The quote, of course, cannot be attributed to Didier Drogba himself, but is a line from former teammate and current Liverpool and England star Daniel Sturridge. While not really news, reading the quote got me thinking a bit about Drogba and his legacy in and around football.

It was quite a busy month of October for Drogba; claiming the 2013 Golden Foot award, leading his Ivory Coast squad to a vital 3-1 first-leg win over Senegal in the CAF World Cup qualifying play-offs, and continuing to bang them in for Galatasaray in the Turkish Super Lig and the Champions League.

His previous record of achievement in football is extraordinary; three-time Premier League champion, four-time winner of the FA Cup, an absolutely litany of personal records and honours, and of course, winner and man of the match of the 2012 UEFA Champions League final. However, what we often neglect in the discourse on Drogba are his absolutely astonishing accomplishments of the pitch.

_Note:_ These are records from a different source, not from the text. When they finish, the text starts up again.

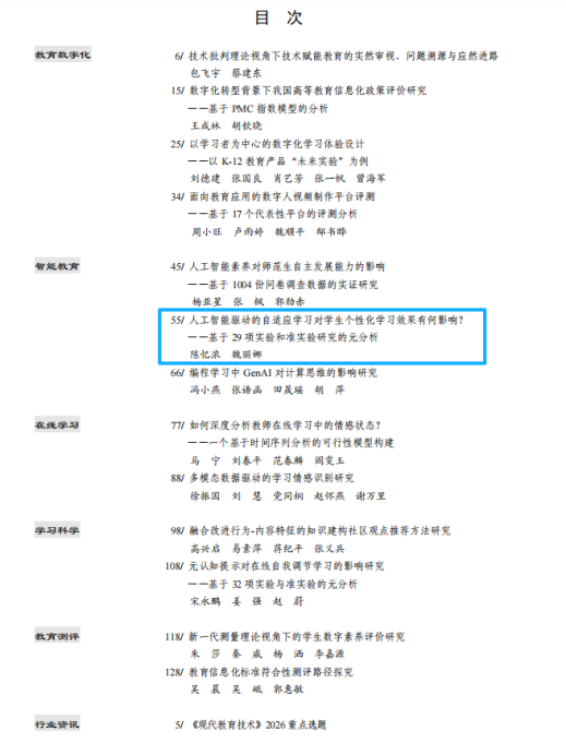 2 | 陈忆浓,魏丽娜(外) | 人工智能驱动的自适应学习对学生个性化 学习效果有何影响?——基于29项实验和准实验研究的元分析 | 现代教育技术 | CSSCI | 一作 |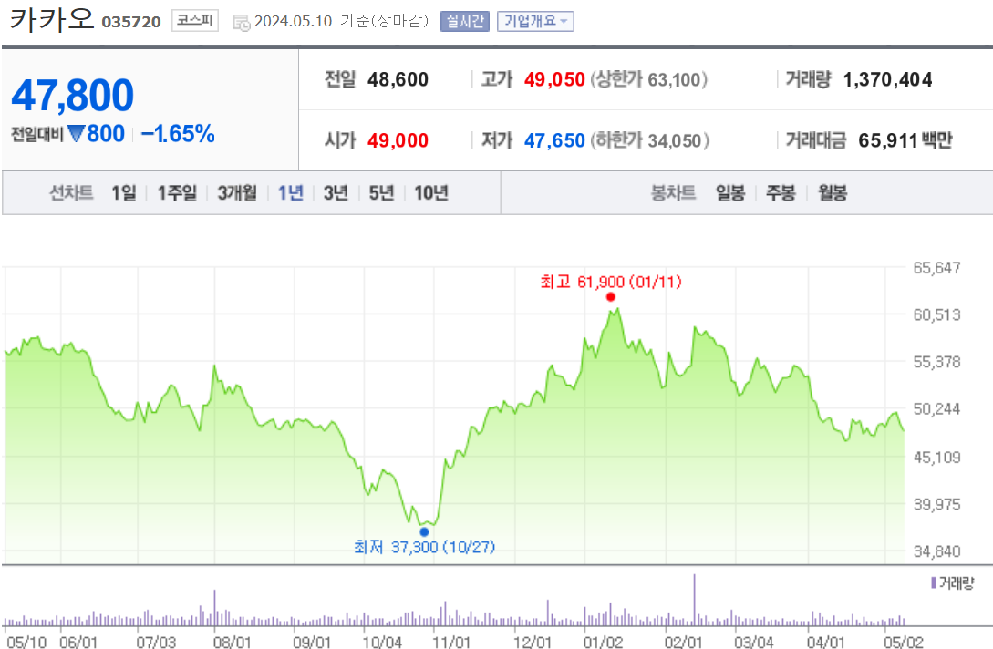 - AI 서비스 개발 가속화를 통해 미래 성장동력 확보 및 경쟁력 제고 카카오는 이번 1분기 실적 반등을 통해 데이터센터 화재 사태를 극복하고 사업 포트폴리오를 강화하는 모습을 보였습니다. 특히 AI 기술 확보를 통한 미래 성장동력 확보에 주력하고 있어, 향후 카카오의 지속적인 성장이 기대됩니다.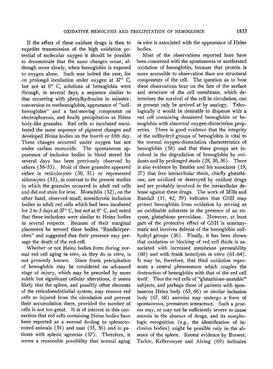OXIDATIVE HEMOLYSIS AND PRECIPITATION OF HEMOGLOBIN. I. HEINZ BODY ANEMIAS AS AN ACCELERATION OF RED CELL AGING

Before we explore the man’s potential future I would like, for a moment, to bring you back to 2005. Les Éléphant, had just qualified for the 2006 World Cup amidst years of relentless civil war in the Ivory Coast. In the locker room following qualification a camera crew and microphone found their way to Drogba. Then, the unimaginable happened. Drogba, on his knees with his teammates surrounding him, and begged the warring factions; “pardonnez, pardonnez, " forgive, forgive. Within a week, his request had been granted, a cease to hostility had been reached in the Ivory Coast.

Recently, Drogba has stated that he wants to play for four more years, but what will the man go on to do after retirement from the beautiful game? Other popular African footballers have ventured into national politics, most notably Liberian great George Weah. Weah’s foray into the 2005 Liberian presidential election was unsuccessful.

His opponents, namely Harvard educated Ellen Sirleaf, cited his lack of education as proof of Weah’s lack of fitness to govern. My thought was this; could Didier Drogba be the first ever African footballer to win a presidential election in their native country? This is not to say that he would want the position, but ostensibly, could it be achieved?

What makes Drogba such an appealing candidate is not only his history of humanitarian work, not just his popularity in the country as a world class footballer, but something much greater, much more stately, his ability as a spontaneous, charismatic, influential orator.

Further evidence of this is his post-match locker room speech following the 2012 Champions League win. According to The Guardian: “The improvised eulogy touched upon everything from previous near-misses to a theatrical chronology of the evening’s events: from unexpected European debuts to defensive resilience, late headed goals to penalty heroics. The testimony was interspersed with a regular refrain that implored, with knees bent in mock worship of the silverware: ‘Why did you elude us for so long?’ He was dancing on the table, praying to the cup.”

Clearly, Drogba has some innate ability to use his words to instill some level of influence, it only remains to be seen whether or not the superstar of sport will ever use this power for the good of his homeland. Or perhaps, when the curtain does fall on this legend’s career, he will drift off into the sunset.

It has been said time and time again; football is a funny old game.